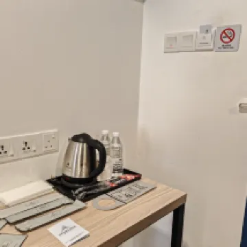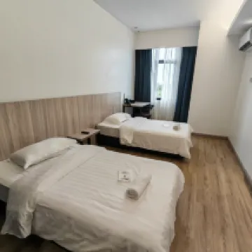 The location is away from the central market but it is alright if you have car. If you were a light sleeper, it might be not suitable for you as we can hear the noice. Overall is okay. And the bright side is that they have many plug points in the room!
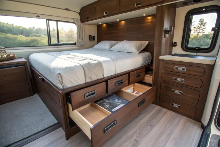 Turning a camper into a cozy home on wheels is a delightful challenge that invites creativity and resourcefulness. Whether you’re setting off for a weekend getaway or a long-term adventure, a well-designed bed is key to comfort and functionality. Wooden Framework Bed Experience the rustic charm and craftsmanship of a DIY wooden framework bed, perfect for your camper adventures. A wooden framework bed adds a rustic charm and is incredibly sturdy. I used reclaimed timber…
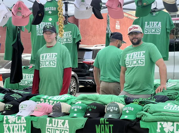 欧文抱着篮球入场,据悉他是第一个来到球馆进行热身的球员,欧文遭遇漫天嘘声以及谩骂和嘲讽,今日绿军球迷在球馆外摆烂售卖“东契奇垃圾”“欧文垃圾”的嘲讽T恤,更有球迷带着欧文版充气娃娃来到球馆外,集体狂骂欧文,甚至把欧文充气娃娃扔来扔去以及殴打它。
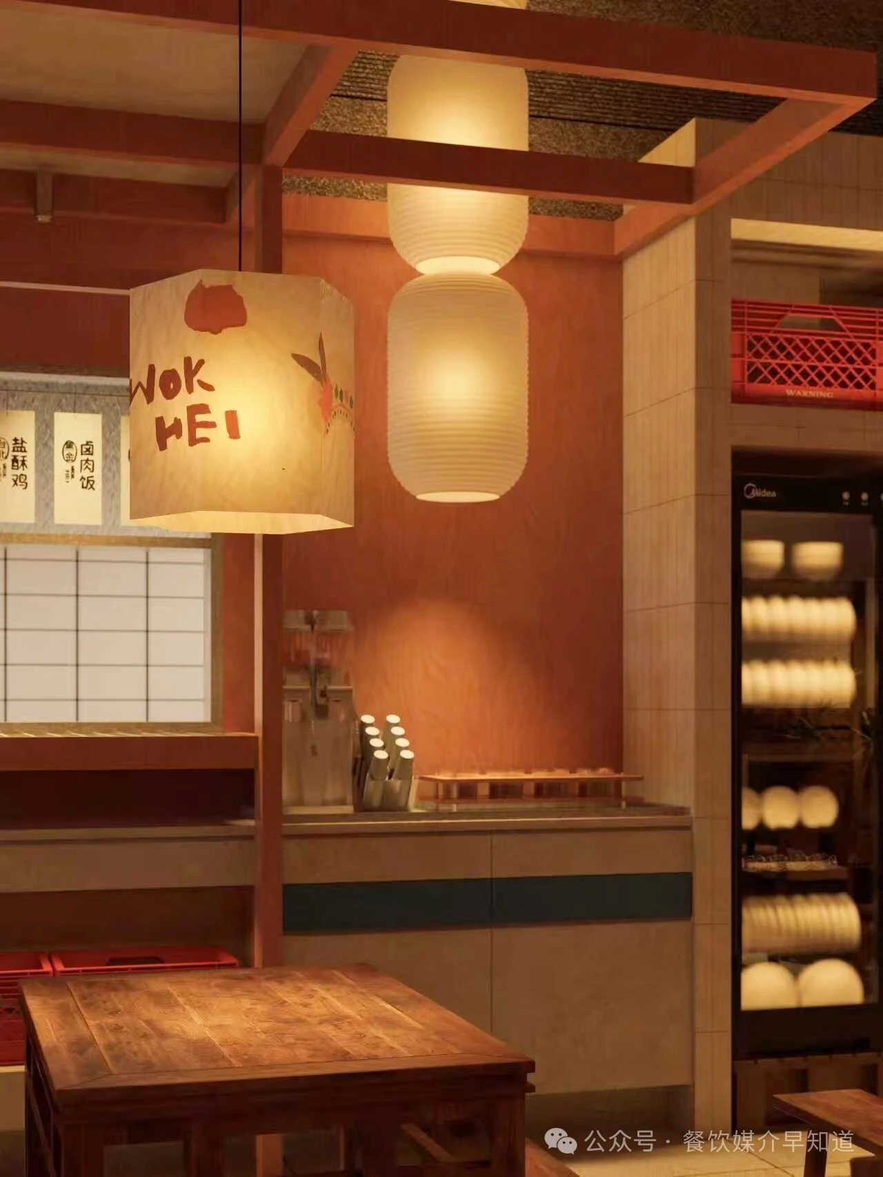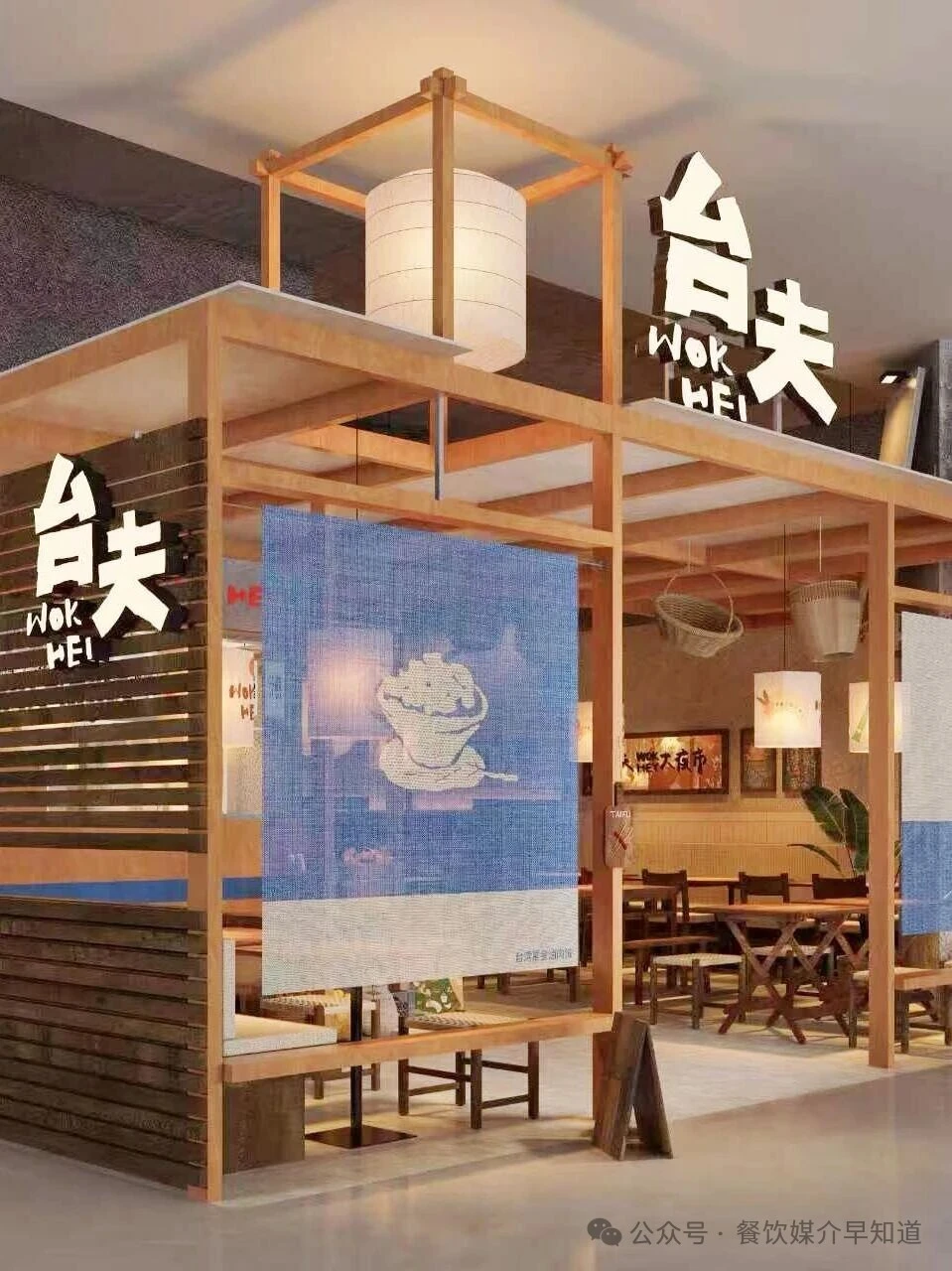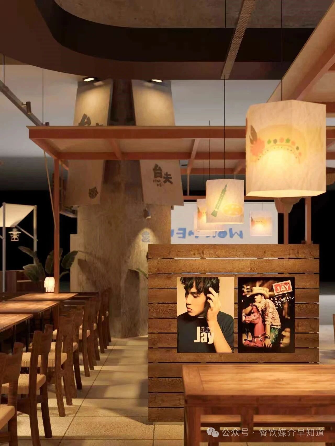 从台湾街头与食堂中提炼符号,进行美学转译。粗糙的墙面、复古花砖、手写菜名牌(蚵仔煎、卤肉饭、盐酥鸡)与木质桌椅,共同搭建起记忆的基底。周杰伦海报的巧妙置入,瞬间锚定了时代的共同情感,将怀旧从“泛泛的过去”精确到一代人的青春记忆。红色塑料筐、竹篮、麻袋等市井容器被提升为装饰元素,诚实且富有美感地陈列着食材与生活痕迹。

========================================================================

_Problem requirements_: Repeat the listing verbatim, pictures excluded.

_Exercise output_:
 The location is away from the central market but it is alright if you have car. If you were a light sleeper, it might be not suitable for you as we can hear the noice. Overall is okay. And the bright side is that they have many plug points in the room!
 Turning a camper into a cozy home on wheels is a delightful challenge that invites creativity and resourcefulness. Whether you’re setting off for a weekend getaway or a long-term adventure, a well-designed bed is key to comfort and functionality. Wooden Framework Bed Experience the rustic charm and craftsmanship of a DIY wooden framework bed, perfect for your camper adventures. A wooden framework bed adds a rustic charm and is incredibly sturdy. I used reclaimed timber…
 欧文抱着篮球入场,据悉他是第一个来到球馆进行热身的球员,欧文遭遇漫天嘘声以及谩骂和嘲讽,今日绿军球迷在球馆外摆烂售卖“东契奇垃圾”“欧文垃圾”的嘲讽T恤,更有球迷带着欧文版充气娃娃来到球馆外,集体狂骂欧文,甚至把欧文充气娃娃扔来扔去以及殴打它。
 从台湾街头与食堂中提炼符号,进行美学转译。粗糙的墙面、复古花砖、手写菜名牌(蚵仔煎、卤肉饭、盐酥鸡)与木质桌椅,共同搭建起记忆的基底。周杰伦海报的巧妙置入,瞬间锚定了时代的共同情感,将怀旧从“泛泛的过去”精确到一代人的青春记忆。红色塑料筐、竹篮、麻袋等市井容器被提升为装饰元素,诚实且富有美感地陈列着食材与生活痕迹。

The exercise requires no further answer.